An in-situ study of stress evolution and fracture growth during compression of concrete

We experimentally correlate fracture nucleation with the evolution of aggregate stress tensors during the compression of concrete. The concrete sample, made with portland cement and single-crystal quartz aggregates, was compressed to failure in eight strain increments. X-ray computed tomography was used to determine the extent of fractures and their proximity to aggregates at each strain increment. Three-dimensional X-ray diffraction was simultaneously used to evaluate the full stress tensor in 30 to 40 individual aggregates at each strain increment. We found that a recently-developed mean-field model provides a good prediction of average aggregate stress tensors throughout the sample but does not predict the significant stress heterogeneity observed in individual aggregates, which are likely caused by aggregate interactions and may be responsible for fracture nucleation.

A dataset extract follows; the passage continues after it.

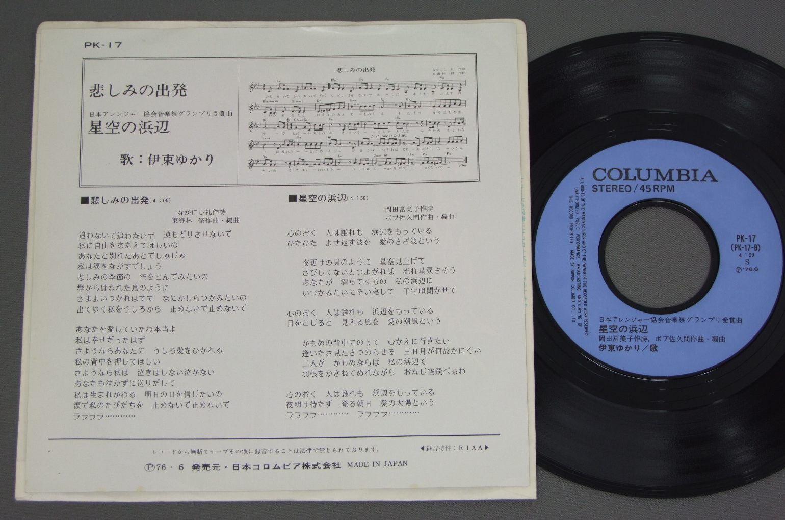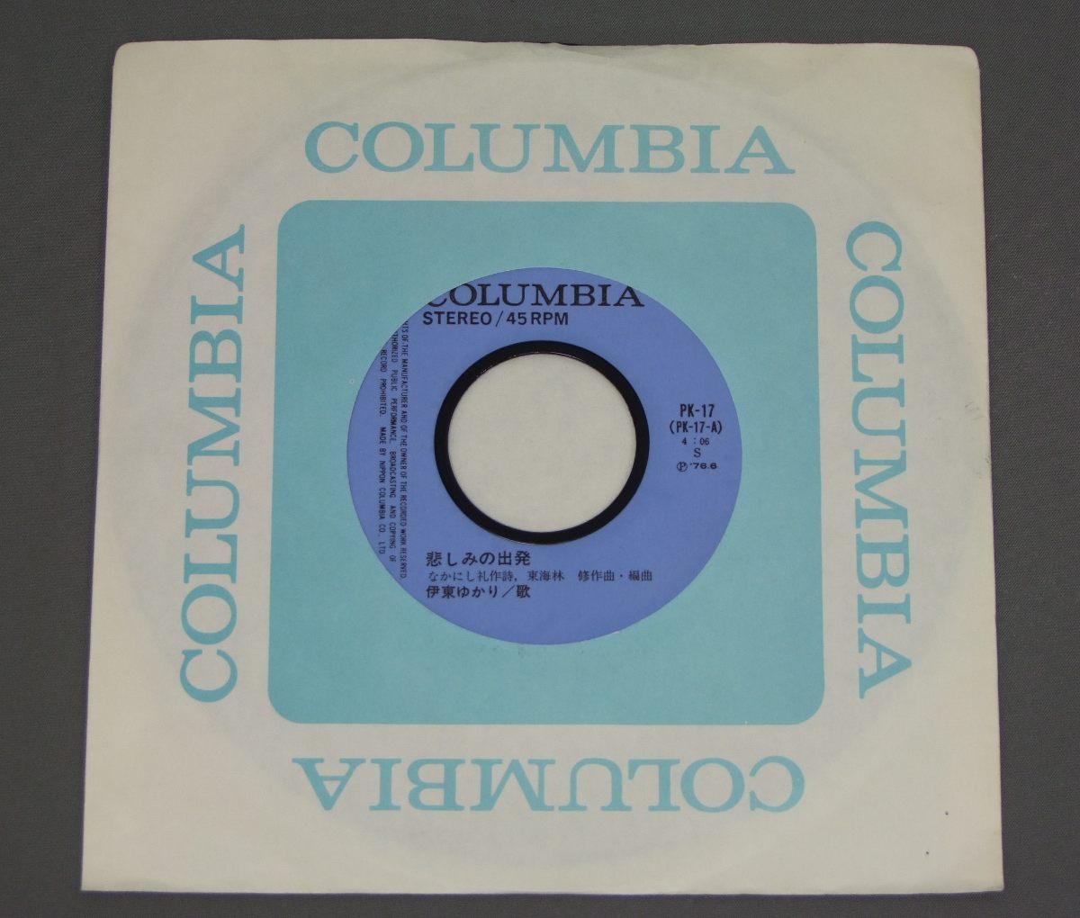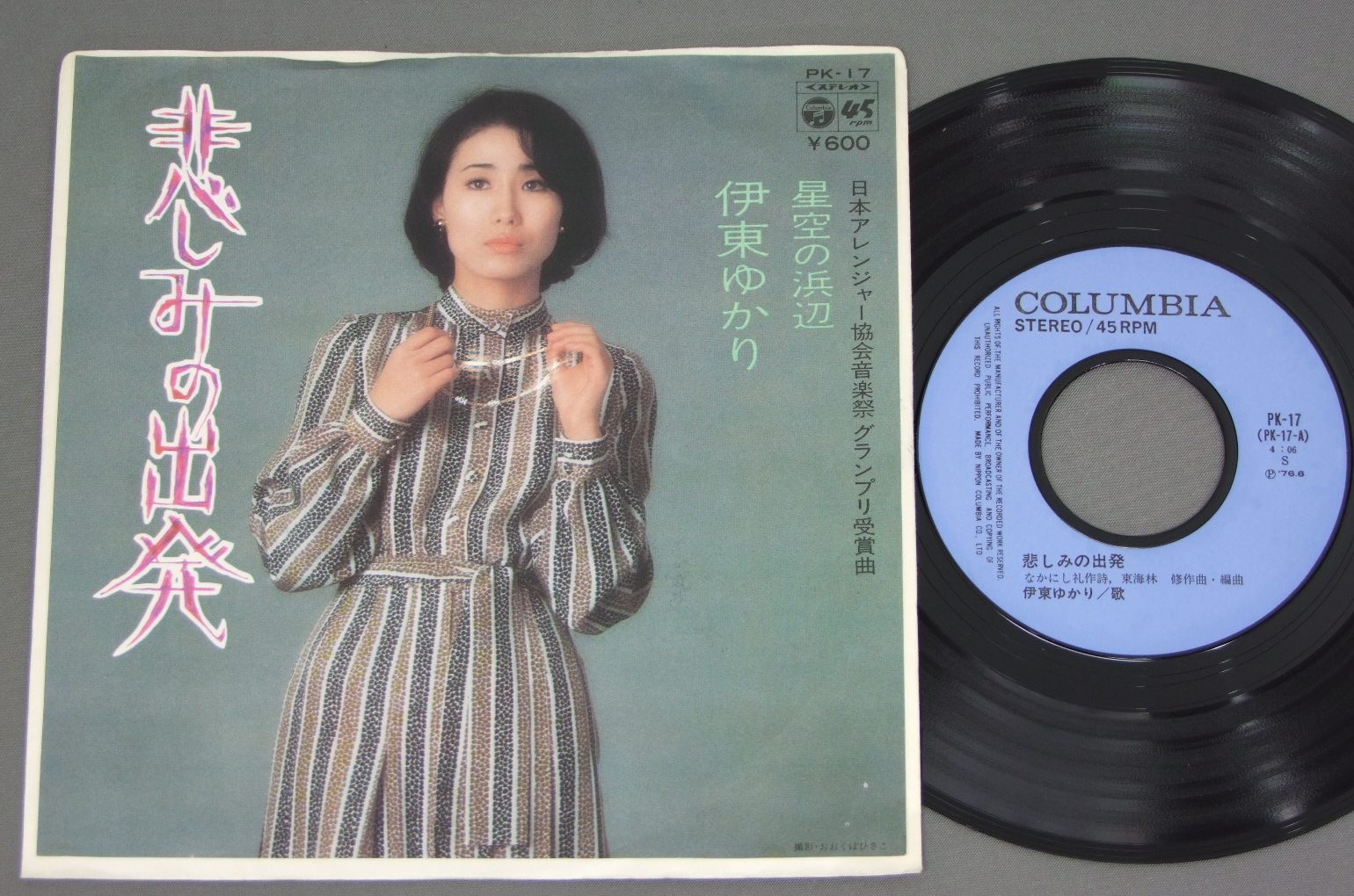 伊東ゆかり/悲しみの出発 PK-17 製造国:日本盤 / Media:7inch外観:EX盤の状態:EX 価格(税込):¥524(売約済) 送料 7inch:定形外郵便 360円~LP:定形外郵便 660円~送料は、注文の最終画面で確認頂けます。 > > / 外観 (EX)特記事項:右下にホッチキス穴。外観EXの共通説明:ダメージが限定的。中古品としては保存状態がよい方。シミ、ヨゴレ、スレ 少し~軽度。 盤の状態 (EX)特記事項:薄いスリキズ・スレ少しある程度。一見してきれいな状態です。盤EXの共通説明:盤面のスリキズが薄いものが少し~軽度 音に出そうなものは無いように見える(軽微なソフトティック音は除く)。 その他:※画像では確認できない、上下ヘリ、背表紙、取り出し口を中心に状態表記しております。画像で確認出来る表裏ジャケ、レーベルの状態表記は省いている場合がありますので、そちらの状態は画像でご確認をお願い致します。携帯の方は一度PC等で写真をご確認の上ご入札下さいますよう、お願い申し上げます。 Tweet それぞれの画像をクリックすると、大きい写真が見られます こちらの商品もお勧めです 770円 SHOGO HAMADA浜田省吾 / CLUB SNOWBOUND 1,320円 TAMAKI SAWA沢たまき / DON`T SMOKE IN BEDベッドで煙草を吸わないで 770円 HAJIME TACHIBANA立花はじめ / MR. TECHIE & MISS KIPPLE 880円 YUKARI ITOH伊東ゆかり 布施 明 / DELUXE伊東ゆかりと布施 明-ふたりの愛の世界- 990円 TAKASHI SATO佐藤隆 / UN HOMME ET UNE FEMME男と女 770円 YUZO KAYAMA加山雄三 / ALL ABOUT YUZO KAYAMA VOL2加山雄三の全て第2集 1,210円 SNAKEMAN SHOWスネークマン・ショー / 急いで口で吸え! 770円 MOONRIDERSムーンライダーズ / SUMMER ORGASM夏の日のオーガズム

Stress variations in aggregates after the nucleation of particular fractures suggest that fractures divided the sample into distinct load paths that experienced either an increase or decrease in compressive stress with further strain. We discuss extensions of the experimental measurements for quantifying specific failure processes in concrete, such as the fracture of the interfacial transition zone. We also discuss the applicability of the measurements to a broad range of other composite materials, and use of the measurements for developing and calibrating theoretical and computational models for composite strength.